Antitrust enforcement today appropriately places consumers at the heart of the law. This legislation would move away from that standard.  In fact, contrary to existing federal and state antitrust statutes, aimed clearly at assuring market competition for the benefit of consumers, this legislation seems to provide protection to other market participants, including those impacted by more successful competitors. As the U.S. Supreme Court has said in United States v. Grinnell Corp., 384 U.S. 563 (1966), the purpose of antitrust law “is not to protect businesses from the working of the market; it is to protect the public from the failure of the market.” Consumers are the main beneficiaries of competition, and antitrust is intended to protect them from business conduct that damages such competition.
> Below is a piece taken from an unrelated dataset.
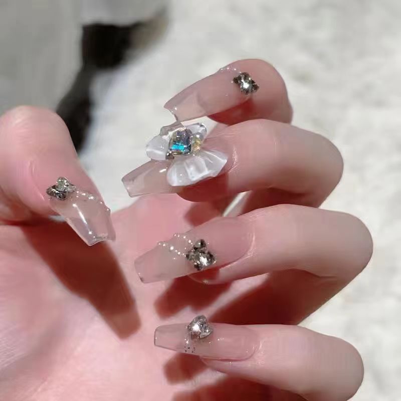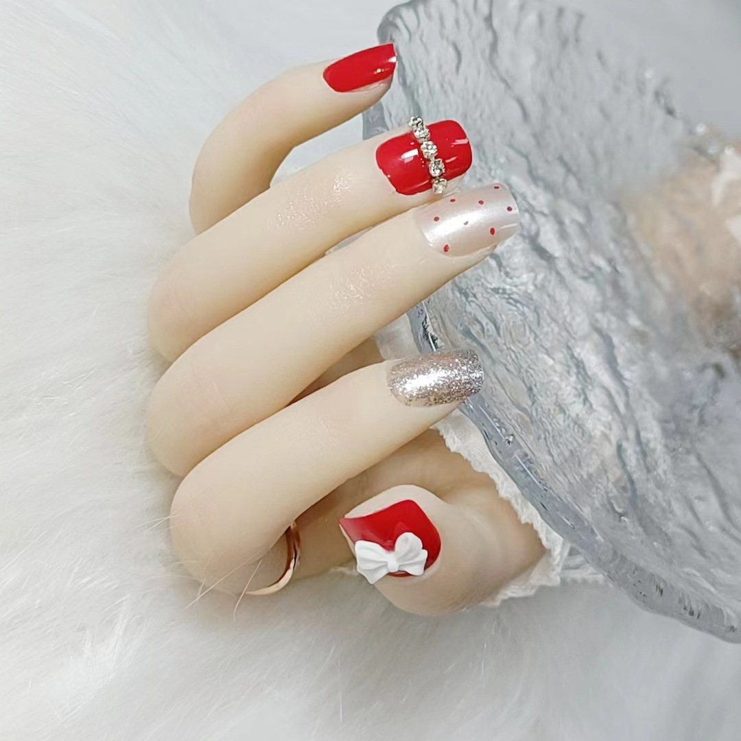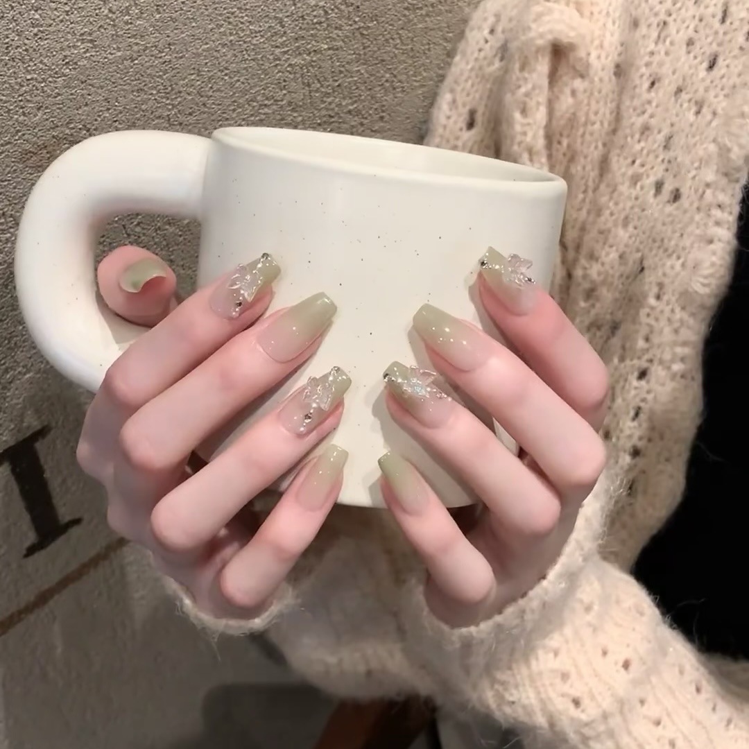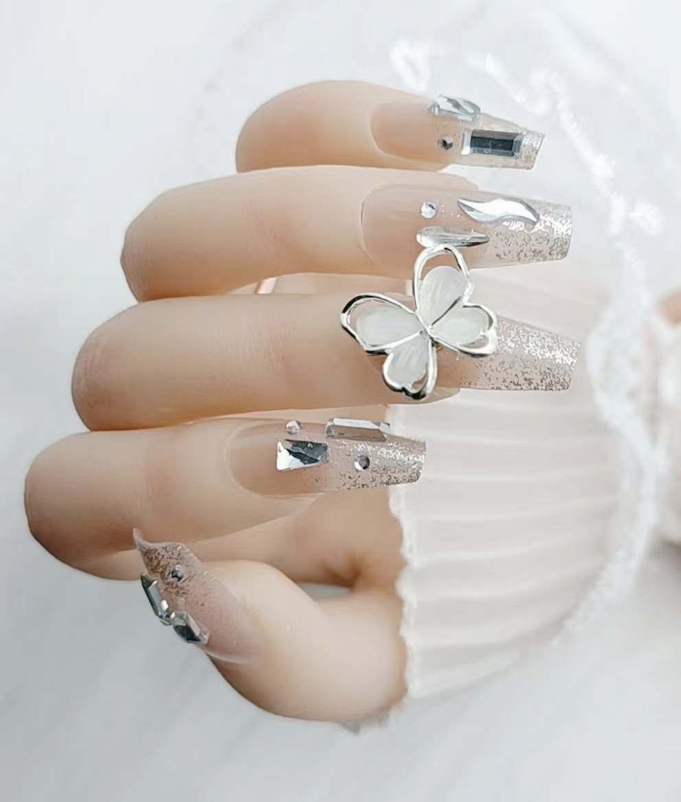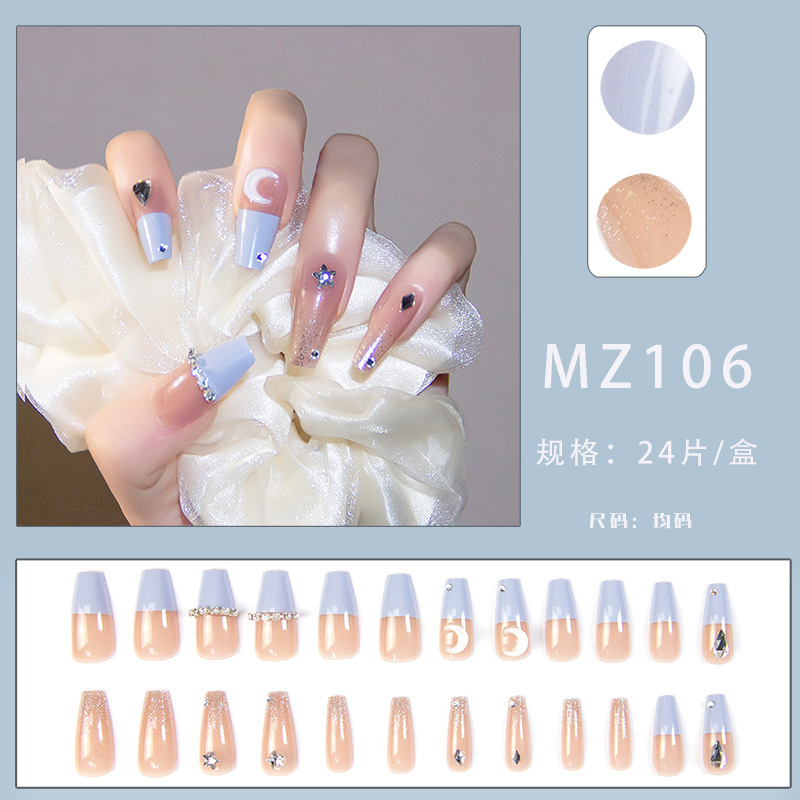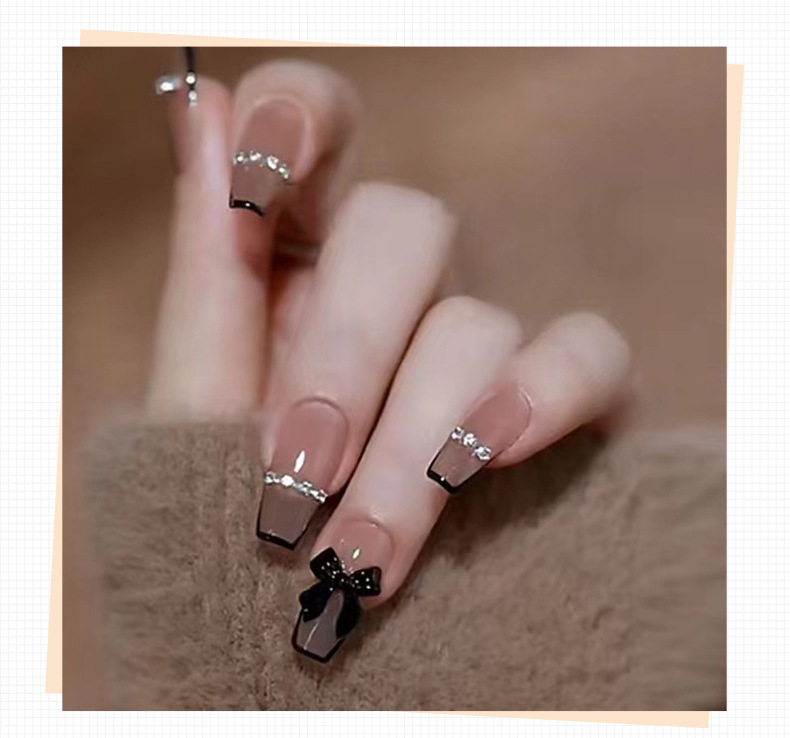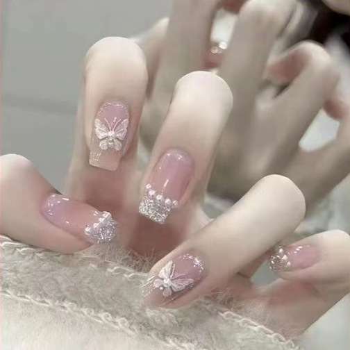 手工穿戴甲批发网红爆款碎钻旋转蝴蝶闪粉美甲甲片成品穿戴指甲贴
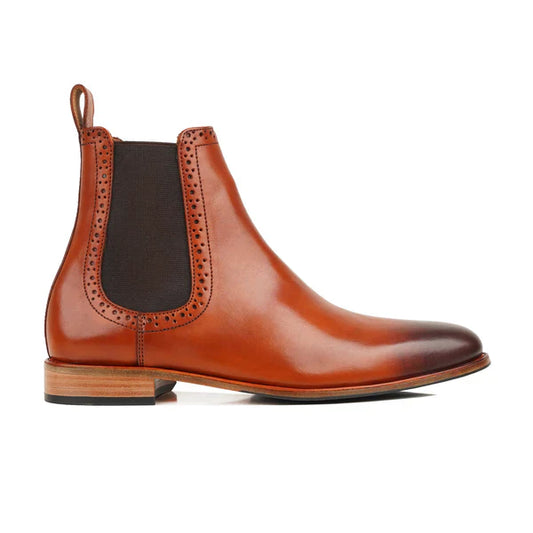 Handmade Men Burnished Tan Leather Stylish Pull On Ankle Chelsea Office Boot

As stated by the Senate sponsor, this push is intended to go after the largest tech companies – but the truth is that its impact will be felt across all business sectors. Such broad powers held by state antitrust enforcers would provide enormous leverage over all categories of business and could dictate specific outcomes in each sector of the economy, giving the state and plaintiffs the ability to pick winners and losers among competing businesses.

The Business Council is committed to promoting vigorous competition among businesses in our economy and the just and effective enforcement of current law. Antitrust is not regulation. Antitrust is about ensuring market forces determine market outcomes. In contrast, regulation is a conscious decision to steer specific outcomes in the market. Efforts to change the antitrust law in New York should not alter antitrust into a tool to steer market outcomes and should certainly not do so on the backs of average New York consumers. The Donnelly Act has served the state well and remains adequate to address this important public policy concern. However, we believe that this legislation would serve to undermine competition rather than enhance it, by creating and applying new, undefined criteria to regulate market behavior and ultimately do significantly more harm than good for the state and its citizens. 

California has rejected the Twenty-First Century Anti-Trust Act, and the New York Legislature should too.  On behalf of our 3,200 members, The Business Council strongly opposes the adoption of S.6748-B (Gianaris) / A.10323 (Peoples-Stokes).